🤖 AI Summary
Existing caching methods for Flow Matching rely on instantaneous velocity under high acceleration ratios, which often leads to trajectory deviation and error accumulation, thereby degrading both inference efficiency and generation quality. To address this, this work proposes MeanCache—a training-free caching framework that, for the first time, replaces instantaneous velocity with interval-averaged velocity. It further integrates trajectory stability scheduling and a peak-suppression shortest-path algorithm to optimize cache timing and Jacobian–vector product (JVP) reuse under strict computational budgets. The proposed method significantly enhances inference stability and efficiency, achieving speedups of 4.12×, 4.56×, and 3.59× on FLUX.1, Qwen-Image, and HunyuanVideo, respectively, while consistently outperforming existing baselines in generation quality.
📝 Abstract
We present MeanCache, a training-free caching framework for efficient Flow Matching inference. Existing caching methods reduce redundant computation but typically rely on instantaneous velocity information (e.g., feature caching), which often leads to severe trajectory deviations and error accumulation under high acceleration ratios. MeanCache introduces an average-velocity perspective: by leveraging cached Jacobian--vector products (JVP) to construct interval average velocities from instantaneous velocities, it effectively mitigates local error accumulation.
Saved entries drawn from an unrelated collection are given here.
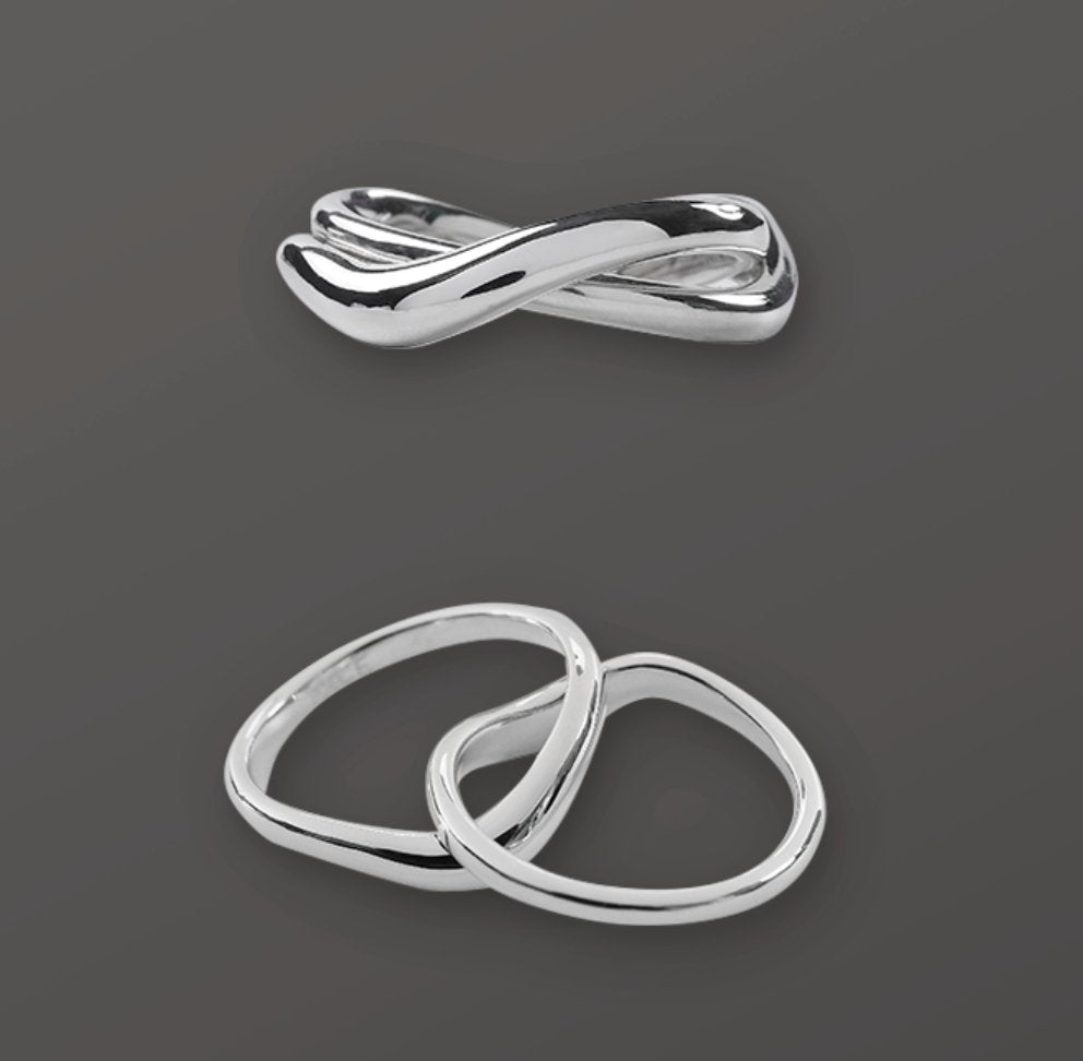 So beautiful in it's wavey simplicity, you have two silver rings joined in union.
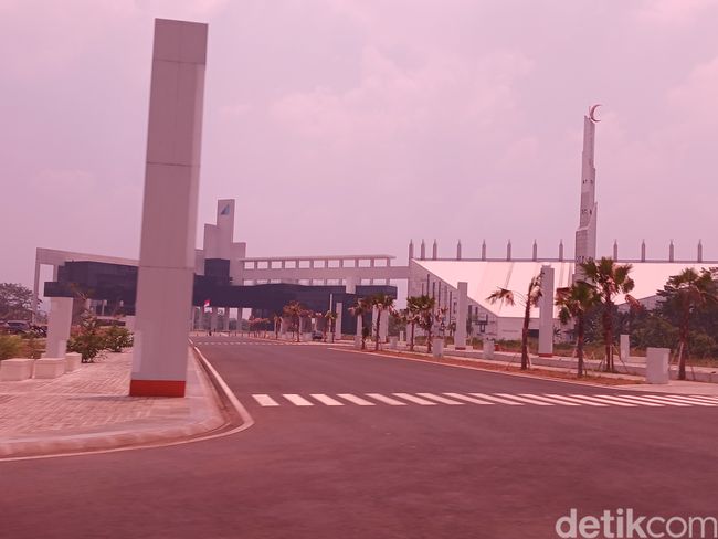 Penampakan UIII dari depan, dengan landmark-nya Gedung Rektorat (tengah) dan masjid (kanan). (Foto: Nograhany WK/detikcom)
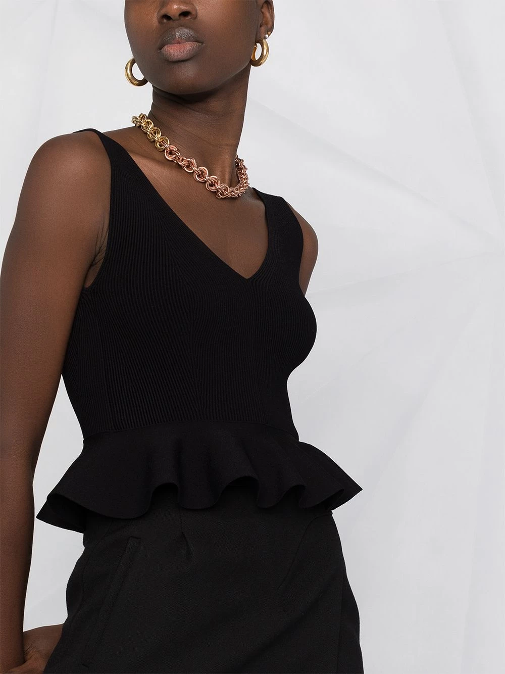 Put some pep in your step, with a peplum hem. In a ribbed knit construction, this top from Alexander McQueen boasts a jet black hue and a peplum silhouette that gives the piece a sense of the dark luxury for which the brand is known. Find the light in the dark.
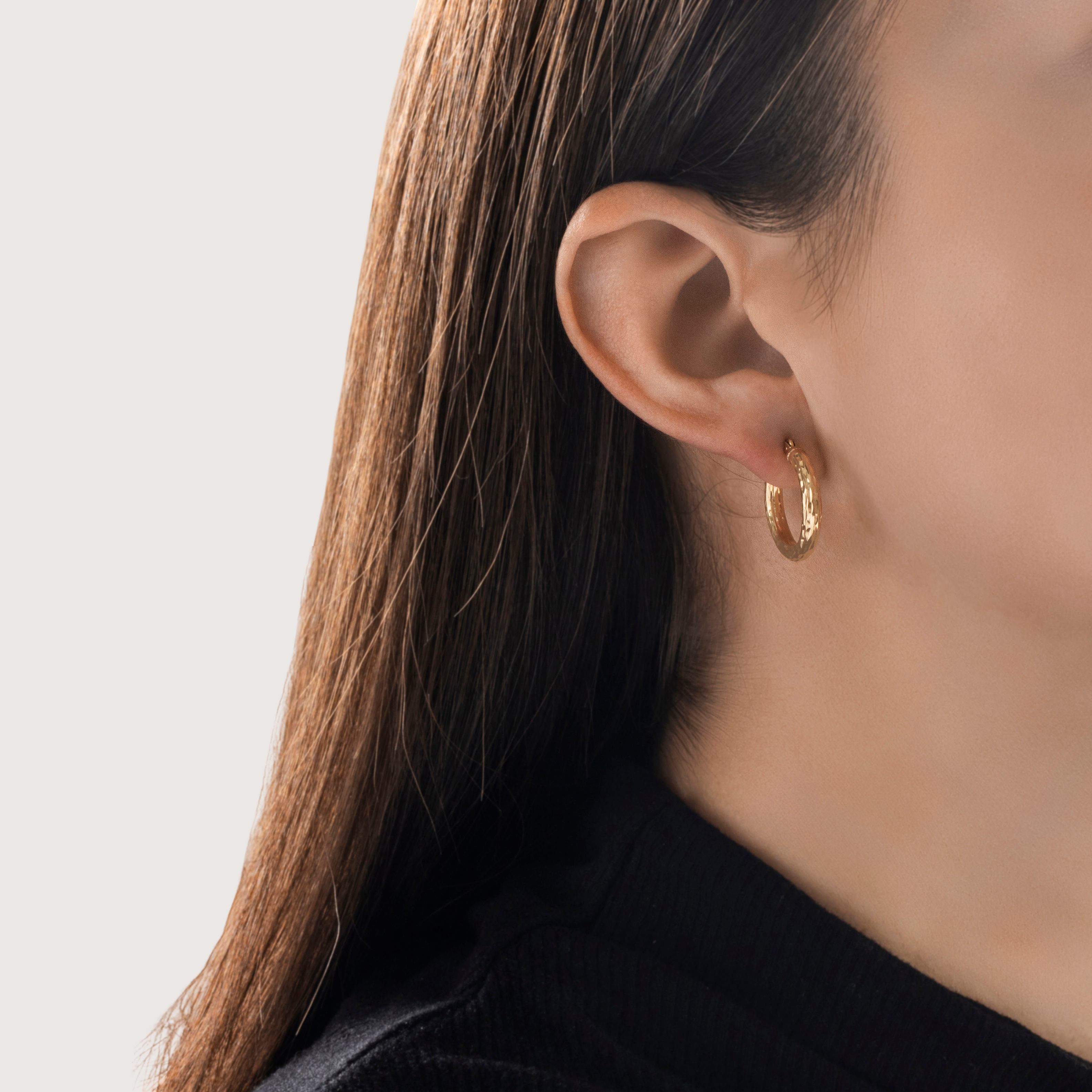 Discover a pair of lightweight 14k yellow gold hoop earrings crafted by a vintage maker in a wonderful textured design.
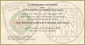 Ομαδική έκθεση "1821. Επανάσταση Κατά Πάσης Δουλείας" στο Πολεμικό Μουσείο23.10.2022
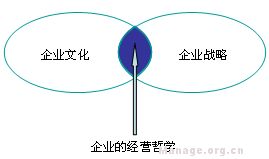企业文化与企业战略看似两个泾渭分明的概念,但其间却有着十分密切的联系。哈佛商学院曾经就企业文化和企业战略方面的问题调查多名企业界人士,但同一个问题在一部分人士看来是属于企业文化范畴,在另一部分人士看来却是属于企业战略范畴,由此分析得出,两者之间并没有明确的界限,并且存在着一个交集,这个交集就是企业的经营哲学,它既属于企业文化,又属于企业战略(如图一)。
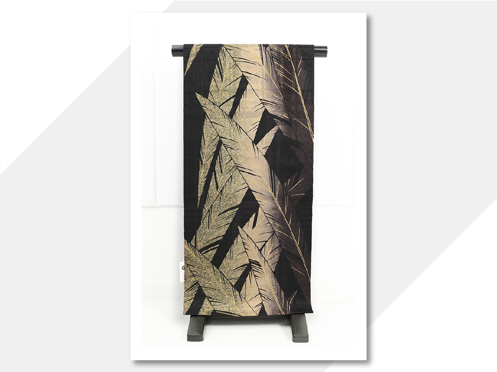 小室庵 正絹 九寸名古屋帯 芭蕉 黒×ベージュ
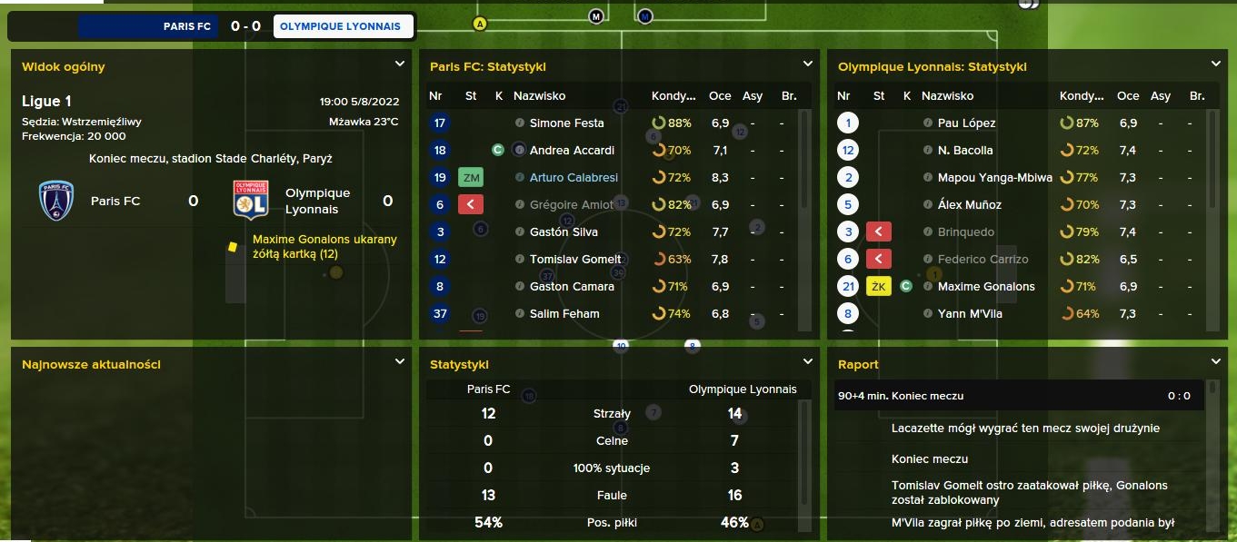Stade Chariety wypełniony po brzegi. Na trybunach dwadzieścia tysięcy fanów, którzy przyszli podziwiać zwycięzców Trophee de Champions w pierwszej batalii o ligowe punkty sezonu 2022/2023. Naprzeciw Paris FC nieobliczalny Olympique Lyon, który liczy na dużo lepszy sezon niż poprzednio.
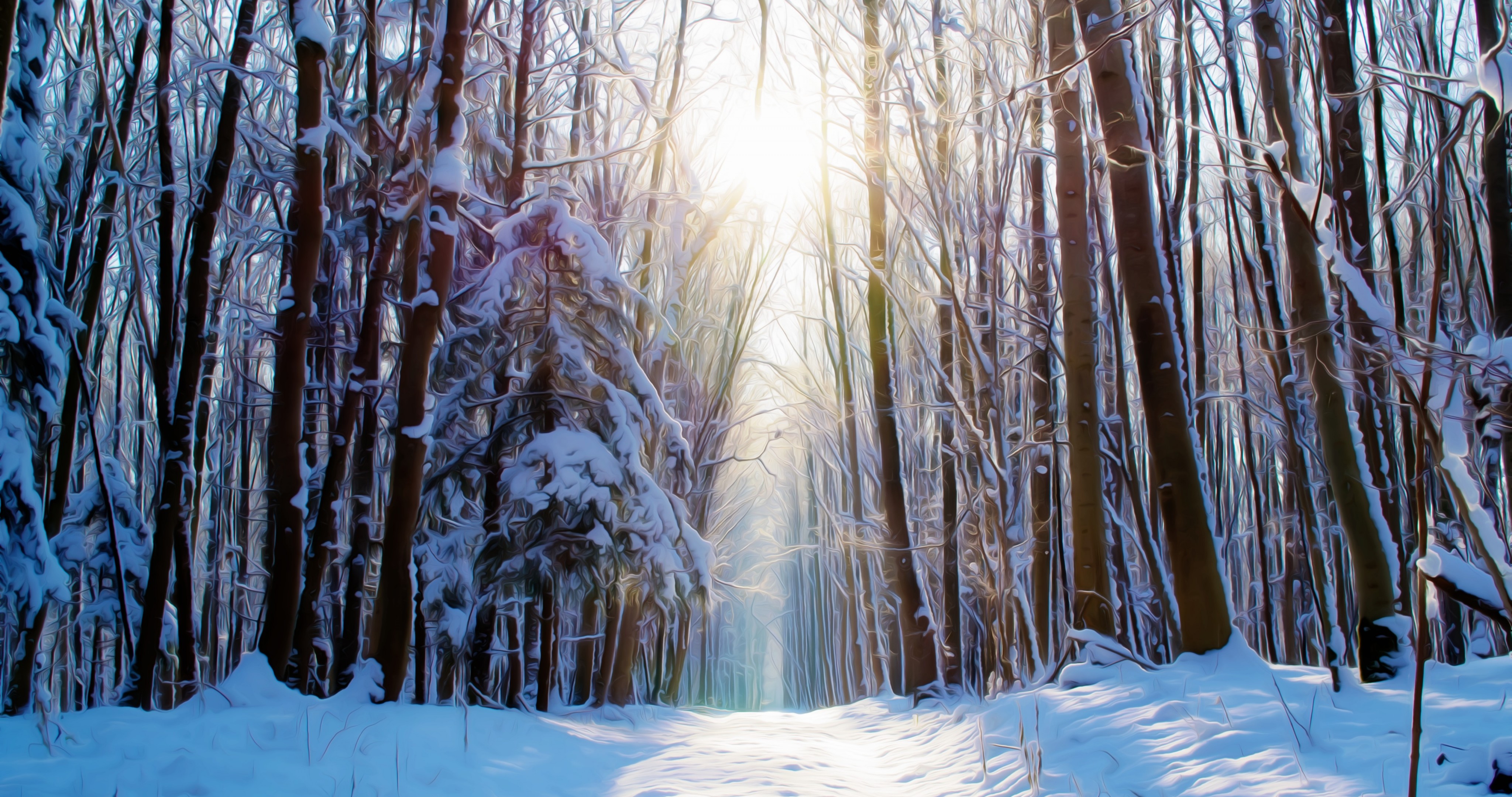Winter Forest Road and Sunlight - 4096x2160 4K
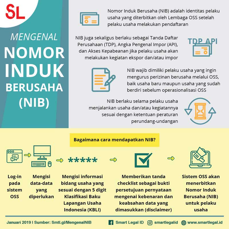 Selain sebagai identitas pelaku usaha, NIB juga sekaligus berlaku sebagai Tanda Daftar Perusahaan (TDP), Angka Pengenal Impor (API) jika pelaku usaha melakukan kegiatan ekspor, dan Akses Kepabeanan jika pelaku usaha akan melakukan kegiatan ekspor dan/atau impor. Hal tersebut diatur dalam Peraturan Pemerintah Nomor 24 Tahun 2018 tentang Pelayanan Perizinan Berusaha Terintegrasi Secara Elektronik.
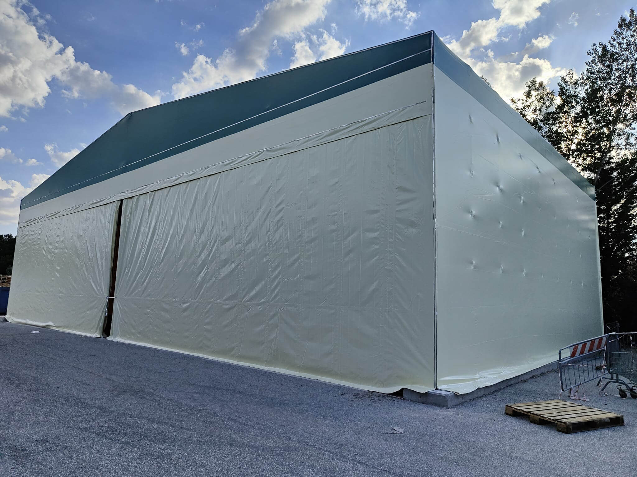 Tunnel Mobile Auto Portante con copertura in telo pvc classe 2 – Tetto doppia pendenza. Luogo di installazione: Marghera (VE)
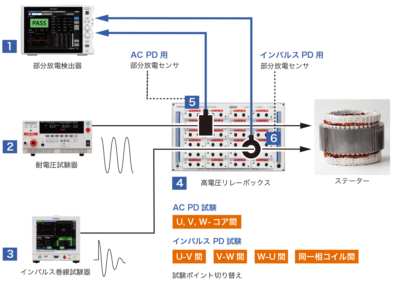 耐電圧試験器、インパルス巻線試験器から試験電圧を印加し、部分放電センサで部分放電を検出します。部分放電検出センサを高電圧リレーボックス SW2001に内蔵することで、合理的なシステム構成が実現できます。
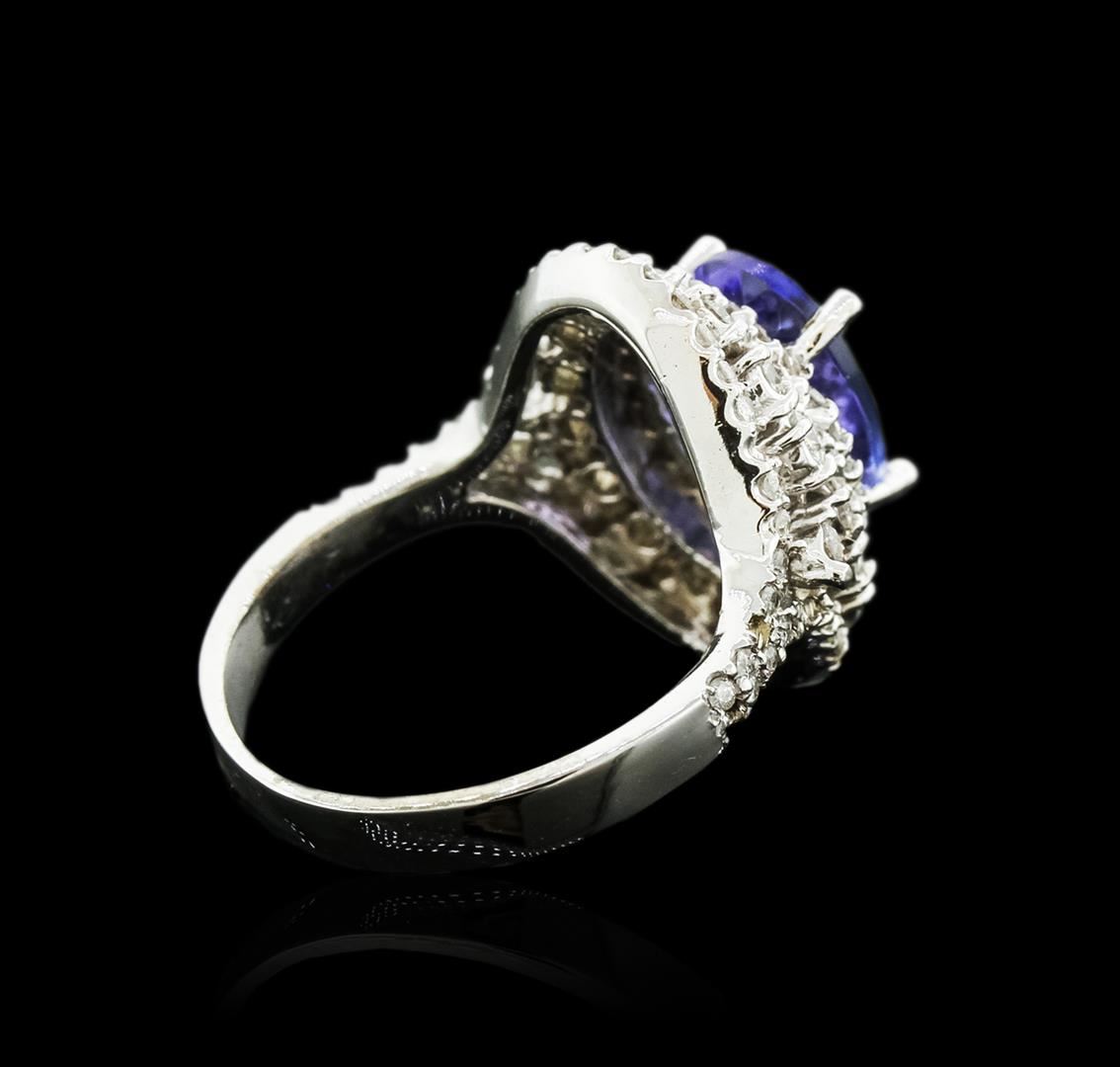 One electronically tested 14KT white gold ladies cast tanzanite and diamond ring with a bright and brushed finish. Identified with markings of "14K". Condition is new. Containing: One prong set oval modified brilliant cut natural tanzanite, measuring 10.50 x 8.50 x 5.53mm, approximate weight of 3.47ct., clarity is eye clean, type I, medium light, very slightly grayish, violet color, (GIA V 4/3), cut is good. One Hundred Four prong set round brilliant cut diamonds, measuring 1.80 - 1.20 x 0.90mm (depth est.) approximate total weight of 104 Stones = 1.28ct. Clarity: SI-1 to I-2. Color: I - J. Colored gemstones are presumed to have been subjected to commonly used enhancement processes. All diamonds and colored gemstones are graded in the mounting, unless otherwise stated. Total Weight of Colored Stones 3.47ct. Total Weight of Diamonds 1.28ct. Total Weight of Ring 5.90 grams. GGL Appraised at $5,525.00.

To further improve cache timing and JVP reuse stability, we develop a trajectory-stability scheduling strategy as a practical tool, employing a Peak-Suppressed Shortest Path under budget constraints to determine the schedule. Experiments on FLUX.1, Qwen-Image, and HunyuanVideo demonstrate that MeanCache achieves 4.12X and 4.56X and 3.59X acceleration, respectively, while consistently outperforming state-of-the-art caching baselines in generation quality. We believe this simple yet effective approach provides a new perspective for Flow Matching inference and will inspire further exploration of stability-driven acceleration in commercial-scale generative models.